RECORDS FOR PROCESSING ▸
Content starts
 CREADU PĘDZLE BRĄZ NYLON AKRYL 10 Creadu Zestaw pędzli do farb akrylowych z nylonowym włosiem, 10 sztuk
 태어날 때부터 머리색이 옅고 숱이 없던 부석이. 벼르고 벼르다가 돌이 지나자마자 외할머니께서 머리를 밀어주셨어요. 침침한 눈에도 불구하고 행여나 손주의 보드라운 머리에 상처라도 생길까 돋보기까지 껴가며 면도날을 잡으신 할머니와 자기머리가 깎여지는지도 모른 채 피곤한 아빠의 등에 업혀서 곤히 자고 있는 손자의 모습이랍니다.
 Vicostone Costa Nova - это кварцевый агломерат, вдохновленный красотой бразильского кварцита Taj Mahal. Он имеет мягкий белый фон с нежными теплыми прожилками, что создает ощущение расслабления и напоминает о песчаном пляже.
Content ends
Content starts
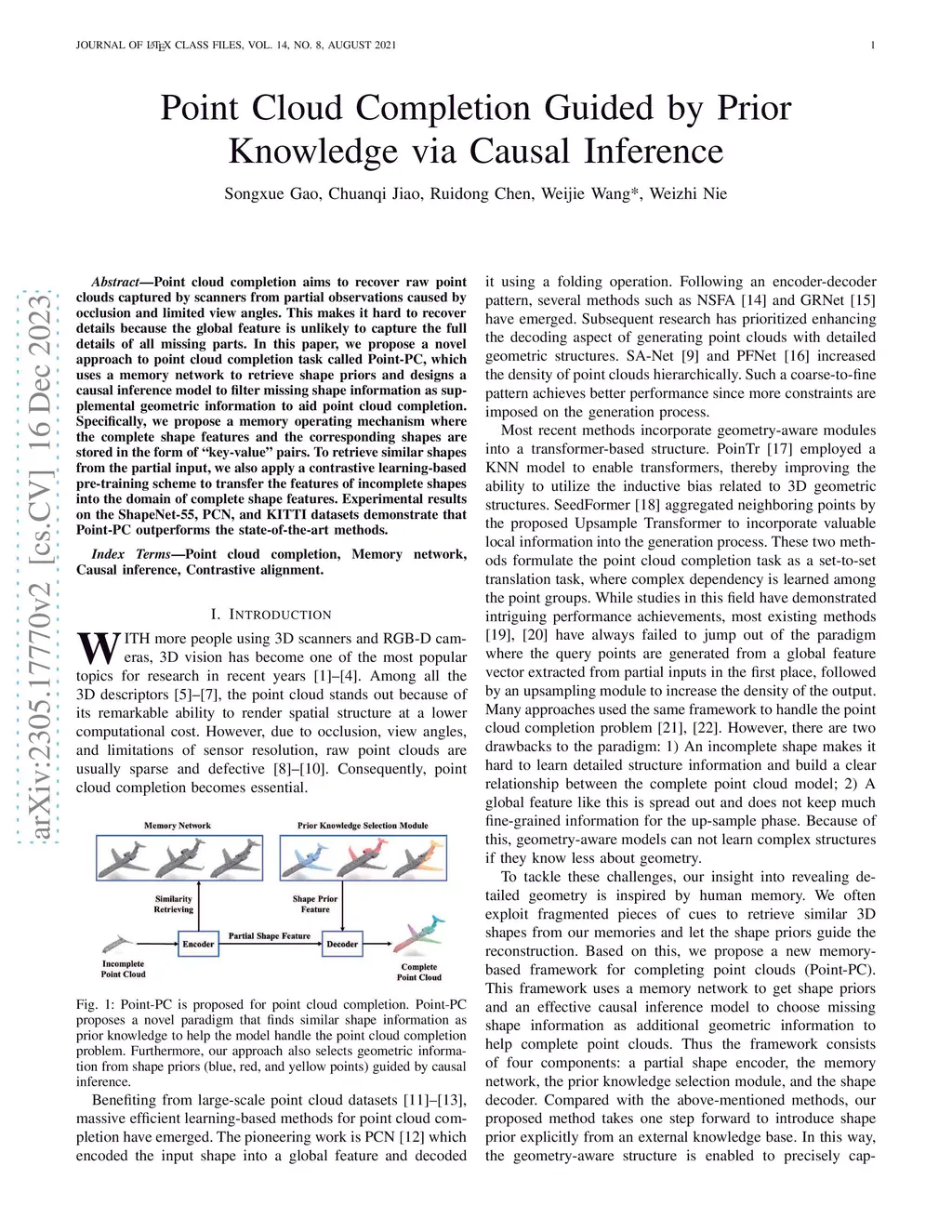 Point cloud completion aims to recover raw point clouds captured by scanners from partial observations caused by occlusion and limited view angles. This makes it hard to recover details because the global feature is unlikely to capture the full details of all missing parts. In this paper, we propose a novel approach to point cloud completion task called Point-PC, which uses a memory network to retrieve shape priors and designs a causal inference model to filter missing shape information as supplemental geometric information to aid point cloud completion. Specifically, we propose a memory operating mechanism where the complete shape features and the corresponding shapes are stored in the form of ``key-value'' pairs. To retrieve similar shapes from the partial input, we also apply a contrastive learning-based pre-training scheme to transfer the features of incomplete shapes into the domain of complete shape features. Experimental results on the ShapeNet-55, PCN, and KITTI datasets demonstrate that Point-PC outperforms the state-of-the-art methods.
Content ends
YOUR TASK ▸ Repeat exactly the lines above from the one with "CREADU PĘDZLE BRĄZ" up to and including the one with "태어날 때부터 머리색이". No other line belongs in the reply.

RESPONSE AREA ▸
 CREADU PĘDZLE BRĄZ NYLON AKRYL 10 Creadu Zestaw pędzli do farb akrylowych z nylonowym włosiem, 10 sztuk
 태어날 때부터 머리색이 옅고 숱이 없던 부석이. 벼르고 벼르다가 돌이 지나자마자 외할머니께서 머리를 밀어주셨어요. 침침한 눈에도 불구하고 행여나 손주의 보드라운 머리에 상처라도 생길까 돋보기까지 껴가며 면도날을 잡으신 할머니와 자기머리가 깎여지는지도 모른 채 피곤한 아빠의 등에 업혀서 곤히 자고 있는 손자의 모습이랍니다.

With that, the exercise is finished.